After all, if they would spend the money given for the 3rd child on booze and new phones etc, they are surely wasting the money for the 1st and 2nd children too.

So should we give all families or indeed anyone on out of work benefits, vouchers?

On grad unemployment, its still lower than in 2018/19 (8%) and went from 5.8% in 2023 to 6% in 2025.

There are different figures though but the highest i ve seen is 6.2% with the lowest at 3.8% !

Compare this to non grad unemployment! 2x higher.

Thelankyone · 01/12/2025 14:23

I’ve sky news on in the back ground and just watched open mouthed as the chair of the Labour Party, Anna something, was interviewed and was trying ri say how brilliant the budget was and how Rachel didn’t mislead rhe public and cabinet, oh and apparently the Labour Party Is fully united.

i was actually embarassed for her like properly embarassed. She didn’t even try to nuance it or intelligently address the points being made.
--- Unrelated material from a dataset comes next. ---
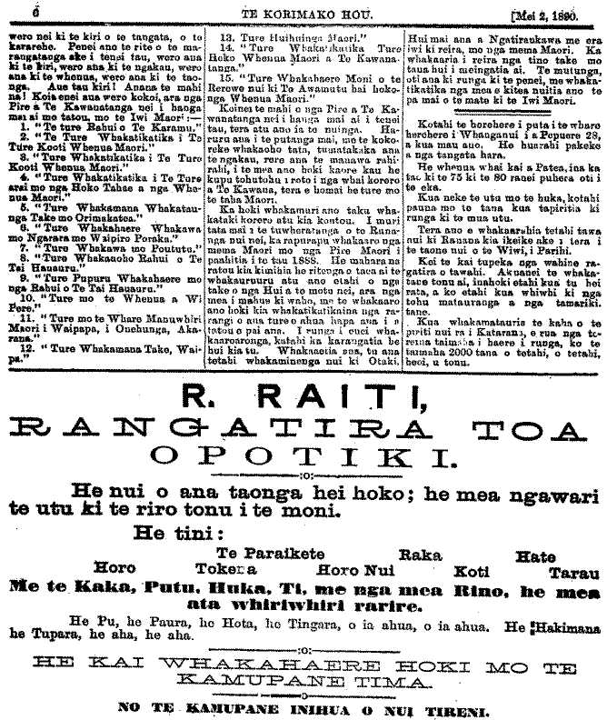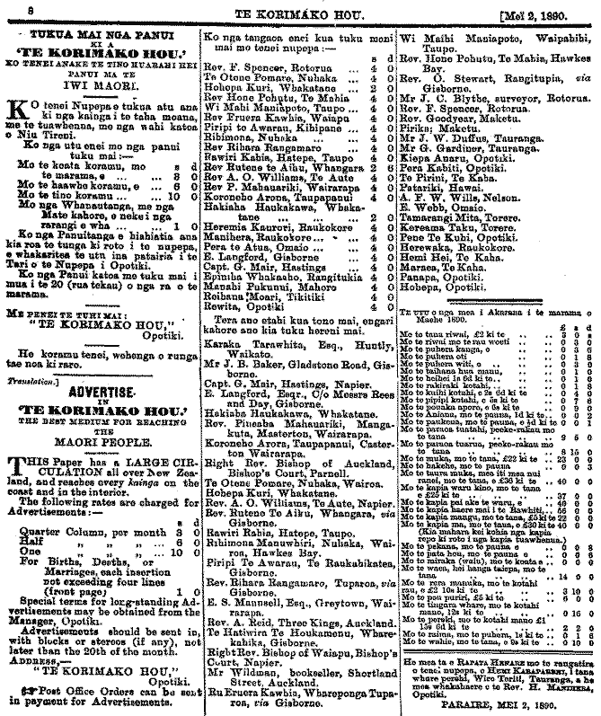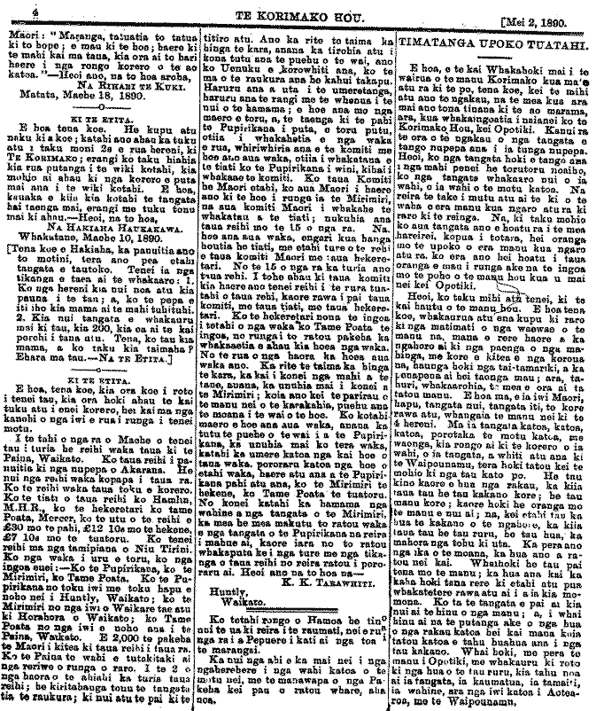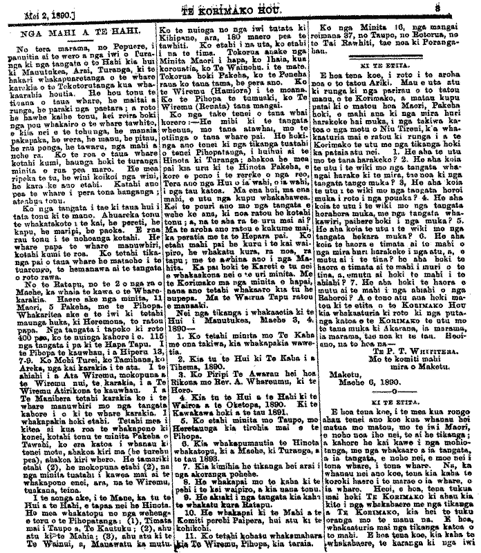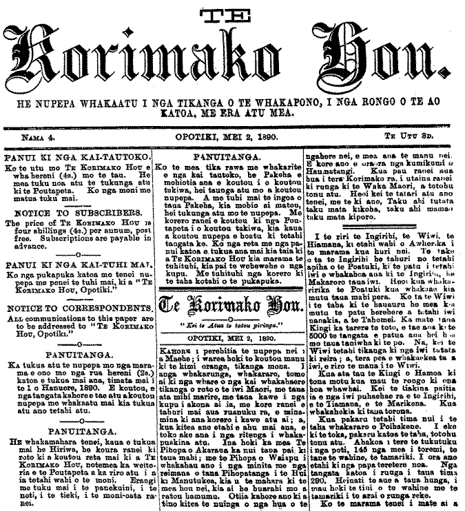 Te Korimako 1882-1890: Volume 1, Number 4. 02 May 1890 |

Just a full on it’s all great and I can’t wait to see the brilliant impact on my constituents.

it actually came across she’s been told to full on defend it, and she’s put her head down and elbows out and done it, and so badly it was actually hard to watch.
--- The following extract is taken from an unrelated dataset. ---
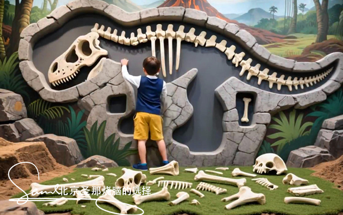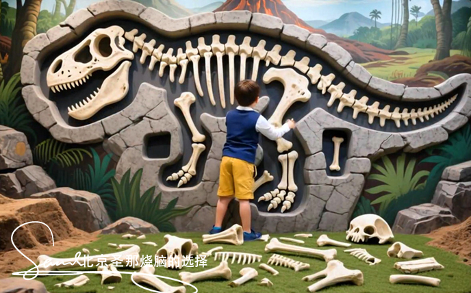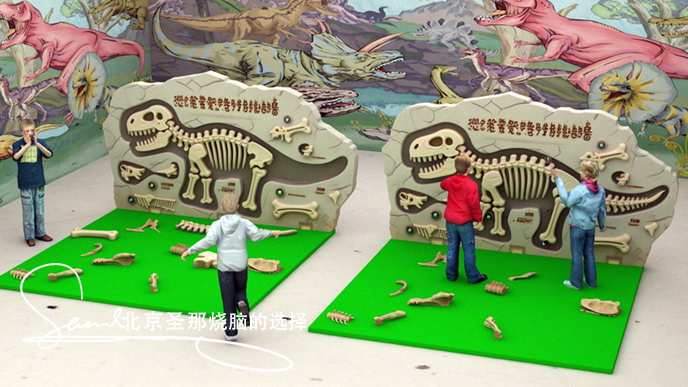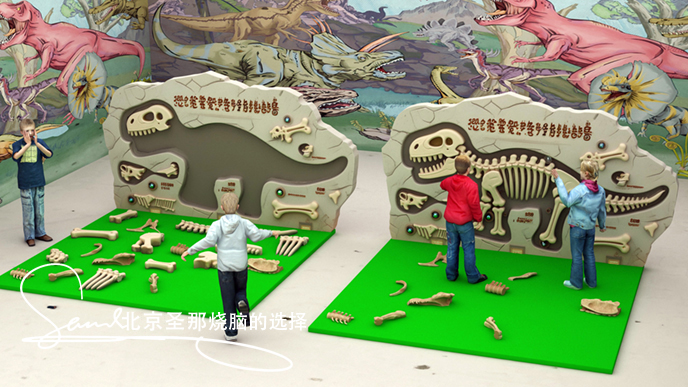 在地上恐龙骨骼中寻找带有磁吸的合适的骨骼,放到对应位置才会吸住,这是一个很烧脑的选择,在否定中寻找吸住的骨骼。

i also watched starmer do similar, he’s made it clear he’s behind this, but the ducking and diving and twisting to get round whay they did, lie to tax people more to pay for the two child cap being lifted to appease the back benchers, but at least he looked like he was trying to at least appear reasonable, albeit failing wildly, that woman didn’t even try, it was like she was reading a propaganda leaflet.

they are all so out of their depth it is unbelievable.

soddingspiderseason · 01/12/2025 14:55

I thought it was a good budget.

PinkFruitbat · 01/12/2025 15:04

Alexandra2001 · 01/12/2025 14:02

I've thought about this recently, as i ve heard this argument v frequently and one i did agree with BUT...

...if you re correct, then why give the less well off/those on benefits, any money at all?

After all, if they would spend the money given for the 3rd child on booze and new phones etc, they are surely wasting the money for the 1st and 2nd children too.

So should we give all families or indeed anyone on out of work benefits, vouchers?

On grad unemployment, its still lower than in 2018/19 (8%) and went from 5.8% in 2023 to 6% in 2025.

There are different figures though but the highest i ve seen is 6.2% with the lowest at 3.8% !

Compare this to non grad unemployment! 2x higher.

Yes we should not simply hand over cash with the increased child benefit; it should either fund improvements to schools and clubs/youth centres or take the form of veg boxes, and good food coupons.

this prevents the parents spending it on tatoos and alchohol.

Alexandra2001 · 01/12/2025 15:23

PinkFruitbat · 01/12/2025 15:04

Yes we should not simply hand over cash with the increased child benefit; it should either fund improvements to schools and clubs/youth centres or take the form of veg boxes, and good food coupons.

this prevents the parents spending it on tatoos and alchohol.

What would (some) people with no utensils, no cooking skills, illiterate, maybe not even an oven etc do with a veg box?

I'm fully in support of Surestart style interventions but people also need more cash, as inflation hits, we had food inflation of 30% recently, its still around 6%, the poorest are still going to be worse off and the benefit cap hasn't been raised, regardless of this new policy.

You re stereotyping those on benefits too.

PinkFruitbat · 01/12/2025 15:46

Alexandra2001 · 01/12/2025 15:23

What would (some) people with no utensils, no cooking skills, illiterate, maybe not even an oven etc do with a veg box?

I'm fully in support of Surestart style interventions but people also need more cash, as inflation hits, we had food inflation of 30% recently, its still around 6%, the poorest are still going to be worse off and the benefit cap hasn't been raised, regardless of this new policy.

You re stereotyping those on benefits too.

most people have cooking utensils!

money has poured into welfare, both for those who don’t work, and for those that do. Combined with increased wages at the poor end. At the same time mid-high incomes have experienced wage compression (stagnation while lower incomes rise) combined with more and more tax.